What we found, which MSHA doesn’t mention, is that in just the last five years, there have been 1,500 new cases of progressive massive fibrosis, the advanced stage of black lung disease, as reported by these clinics. The total since 2010, since that’s as far back as we go in our survey of clinics, is over 4,000 cases of this horrific, fatal disease. There is no cure. We also, by the way, looked at how many excessive exposures there have been in coal mines in recent years. At the new limit — say the new limit was in place since 2016 — we found over 5,000 excessive exposures at the new limit.
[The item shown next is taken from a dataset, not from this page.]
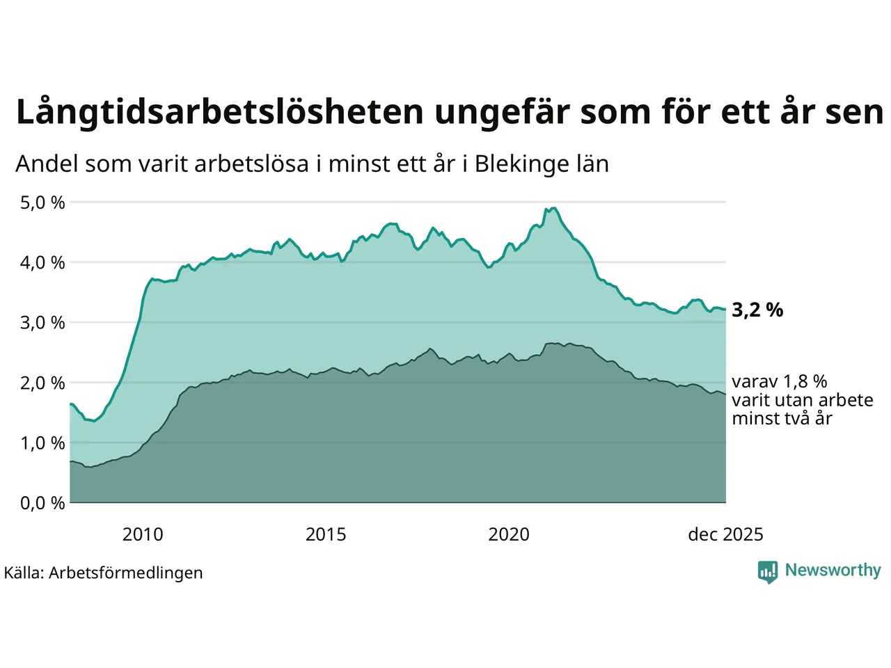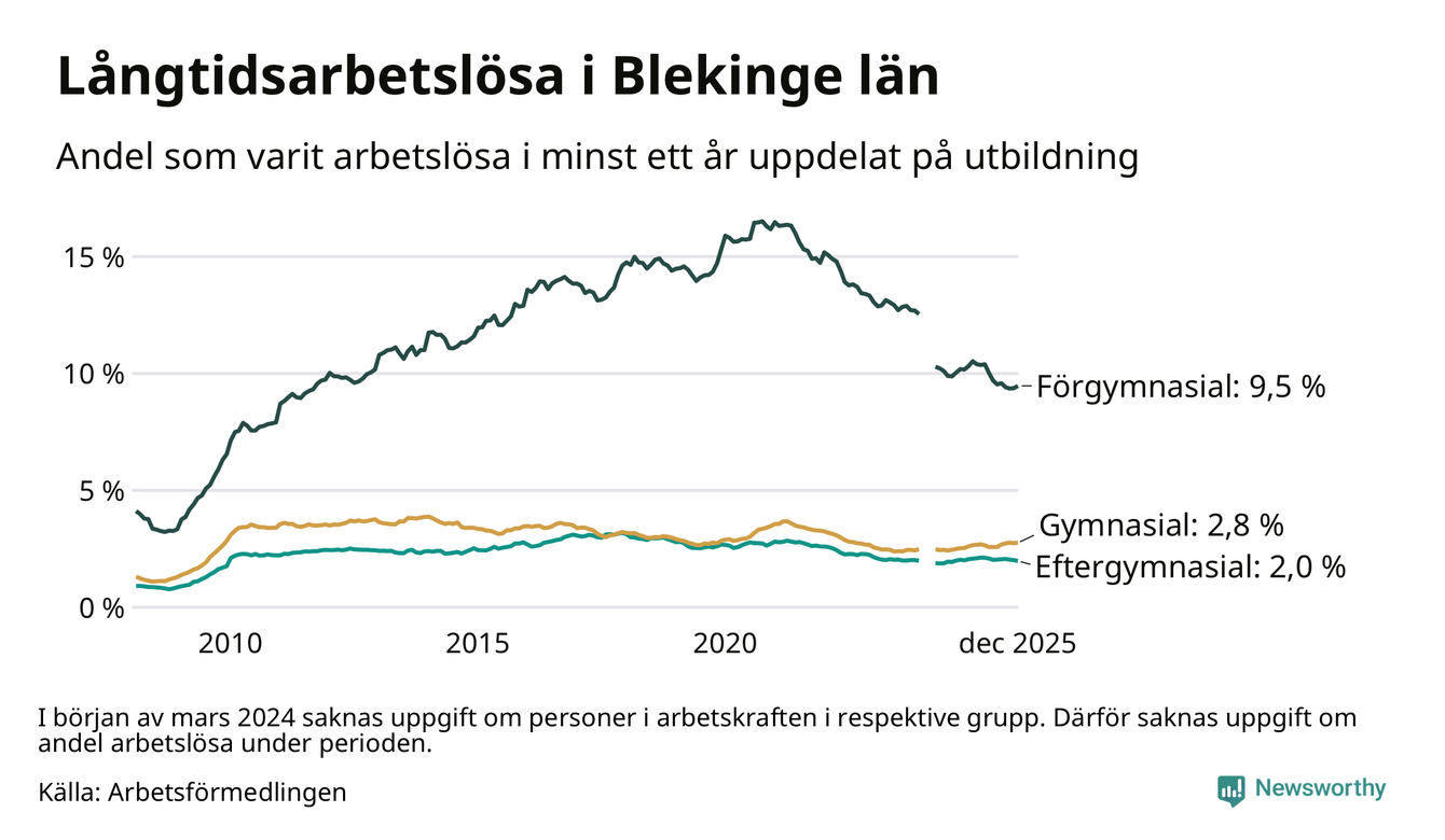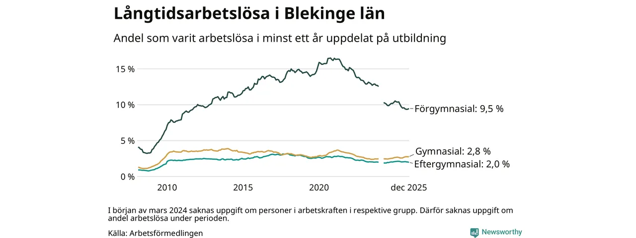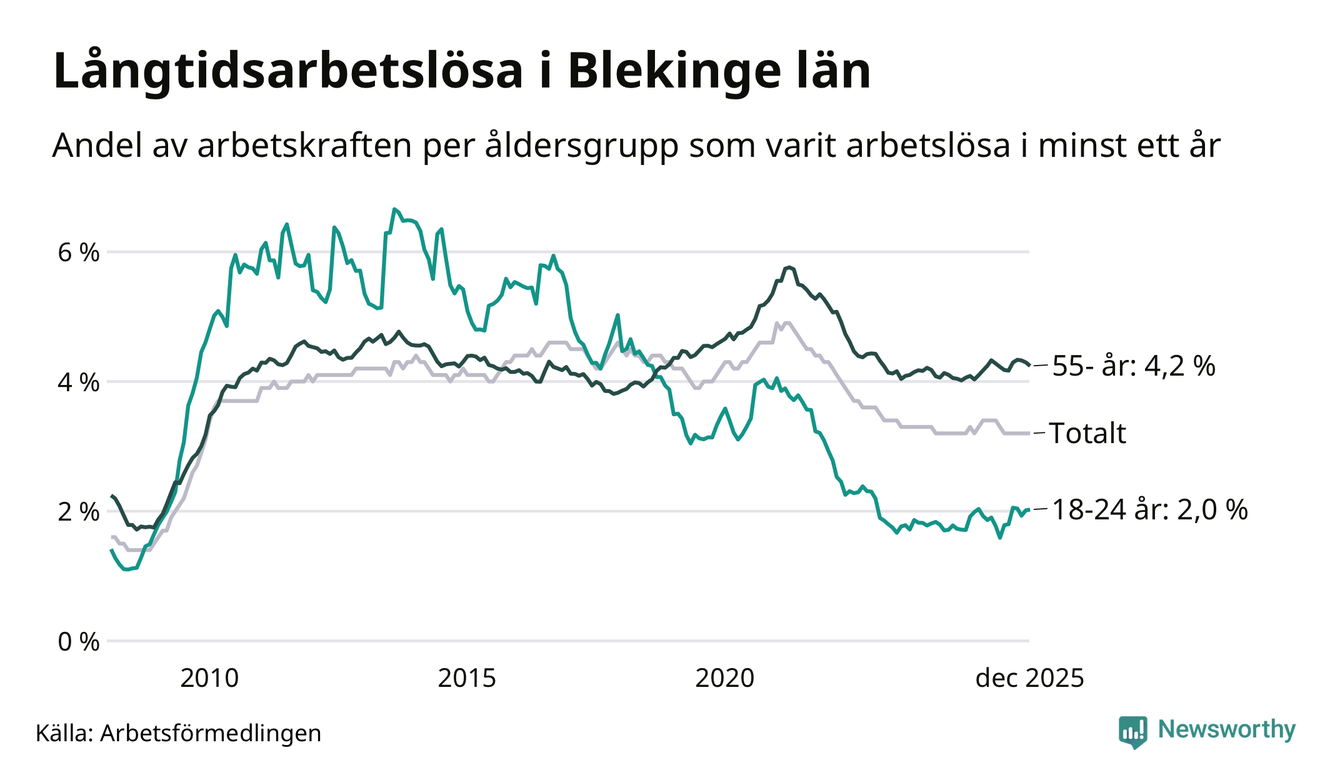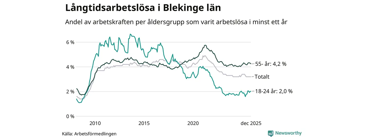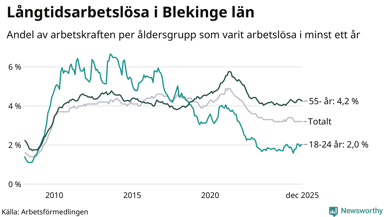 I december hade 2 425 Blekingebor varit arbetslösa i minst ett år, vilket är en färre än månaden innan. 2 425 personer motsvarar 3,2 procent av arbetskraften i länet – andelen långtidsarbetslösa är ungefär på samma nivå som för ett år sedan.

So what these numbers sort of provide is a sense of how serious this situation is, how much over exposure continues to occur, and how much disease continues to occur. That’s not in this proposed rule making. In fact, the numbers presented for silica dust exposure since 2016 by the Mine Safety and Health Administration, they just have numbers from 2016 to 2021. They don’t report how many excessive exposures there were in this document. They report that there were 93 percent of exposures that were within the limit. Well, that sounds like a great number, 93 percent. It sounds like, “Oh, things aren’t so bad.” But that other 7 percent represents more than 5,000 excessive exposures. And because this is such a toxic substance, that’s a lot of potential disease and death. You got to understand that for proposed rule making that this process involves.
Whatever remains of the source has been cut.